The toll of Genoa’s bridge collapse rose to 43 Sunday as rescuers confirmed they had found the remains believed to be of a missing family, a day after Italy held a funeral for the disaster victims.
Firefighters discovered the three bodies, reported to be those of a couple and their nine-year-old daughter, overnight inside a car extracted from the rubble of the viaduct.
The findings mean that all those reported missing after Tuesday’s tragedy have now been accounted for, although rescuers said the would continue combing the wreckage.
“The bodies of the final three missing people were found overnight,” Italy’s fire service said on Twitter Sunday.
“The fire service is continuing its inspection of the area in order to rule out the eventual presence of people not reported missing.”
The announcement followed the discovery Saturday of the body of a labourer in his 30s in the rubble and the death of another man in hospital.
The disaster has caused public outrage and unleashed a fierce debate over the state of Italy’s infrastructure.
Rome has blamed the collapse on Autostrade per l’Italia, which manages almost half of the country’s motorway network including the stricken A10 road.
The prosecutor investigating the bridge collapse has criticised past management of Italy’s infrastructure.
Francesco Cozzi said the state had “abdicated” its responsibility to ensure road safety by handing motorway management to the private sector, in an interview published Sunday.
“The philosophy of our system today sees a state stripped of its powers, a sort of absent owner,” he told the Corriere Della Sera newspaper.
– ‘Won’t accept handouts’ –
Italy bid farewell to the victims, including several children, in Saturday’s solemn funeral that was boycotted by a majority of the families, who resented the presence of politicians and derided the ceremony as “a farce”.
Thousands of mourners packed into a flower-filled makeshift chapel where the coffins of 19 victims had been lined up.

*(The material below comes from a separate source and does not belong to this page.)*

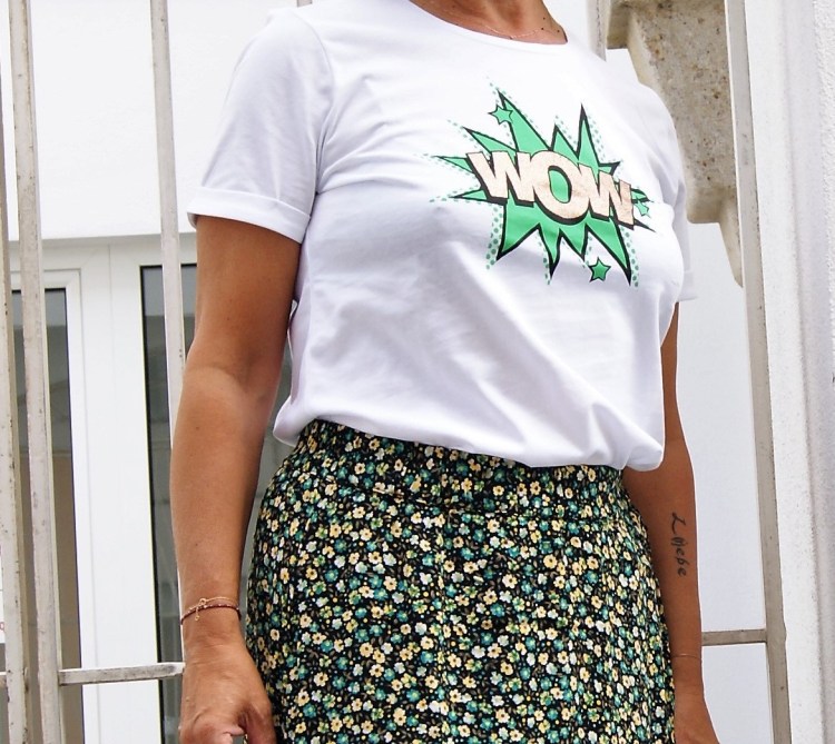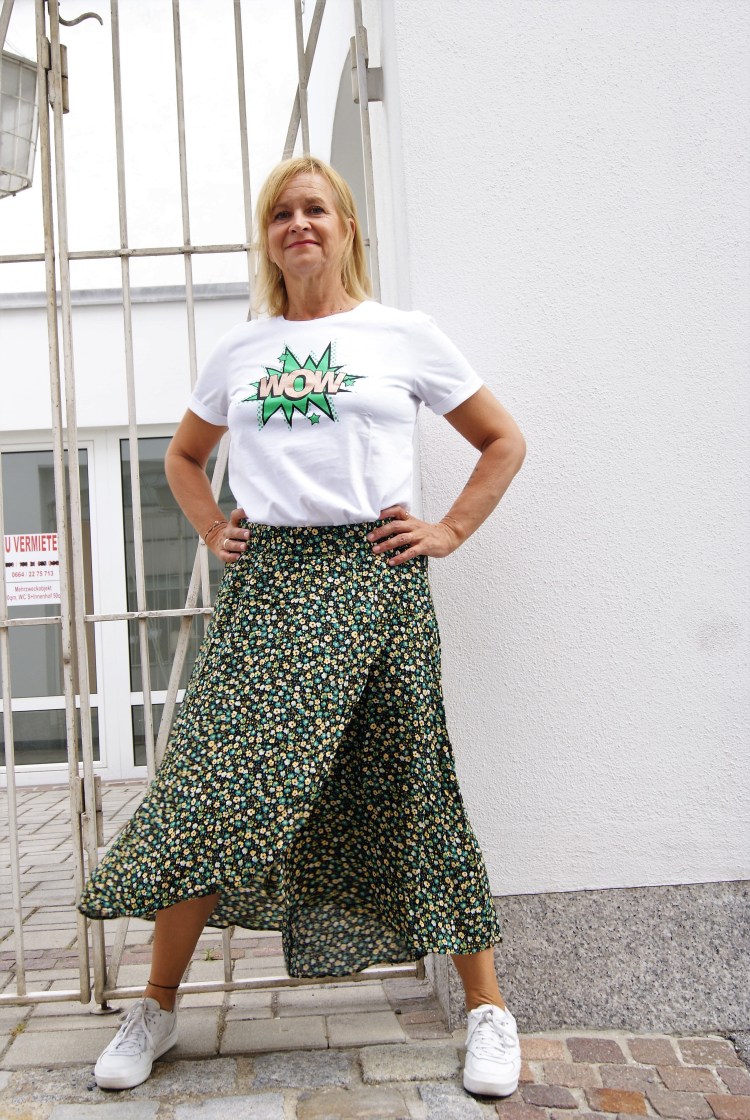 Noch interessanter wird es wenn ein Statementshirt auf einen geblümten Rock trifft, was für eine Kombi. Bestimmt nicht jedermanns (frau) Geschmack, aber doch mal ganz was anderes.

An imam led prayers for two Muslim victims — a poignant gesture in a staunchly Catholic country where the far-right is now in power and which has seen a rise in attacks on foreigners.
Shortly after the official ceremony, Autostrade announced it would make 500 million euros ($570 million) available to help those affected by the tragedy and rebuild the partially collapsed bridge.
The Morandi viaduct dates from the 1960s and has been riddled with structural problems for decades, leading to expensive maintenance and criticism from engineering experts.
The company’s boss Giovanni Castellucci said it would take eight months to build a new steel bridge in place of what was left of the viaduct.
But co-deputy prime ministers Luigi Di Maio and Matteo Salvini rejected the offer as insufficient.
Di Maio said “the state won’t accept Autostrade’s handouts” and demanded “credible compensation”, while Salvini called the sum “the bare minimum”.
“If they think that they have paid for their mistakes then they are mistaken,” said Salvini on Saturday.
The government plans to strip Autostrade of all of its lucrative contracts, which total 3,020 kilometres (1,870 miles) of Italy’s 7,000 km-long motorway network.
The Liguria region, where Genoa is located, declared a year-long state of emergency in the aftermath of the collapse.
The government announced Saturday it would provide 28.5 million euros for the emergency.
The tragedy has shaken the whole country. While key landmarks like Rome’s Colosseum switched off their lights in a sign of respect, Italy’s top-flight football teams are holding a minute’s silence ahead of their opening games of the new Serie A season starting this weekend.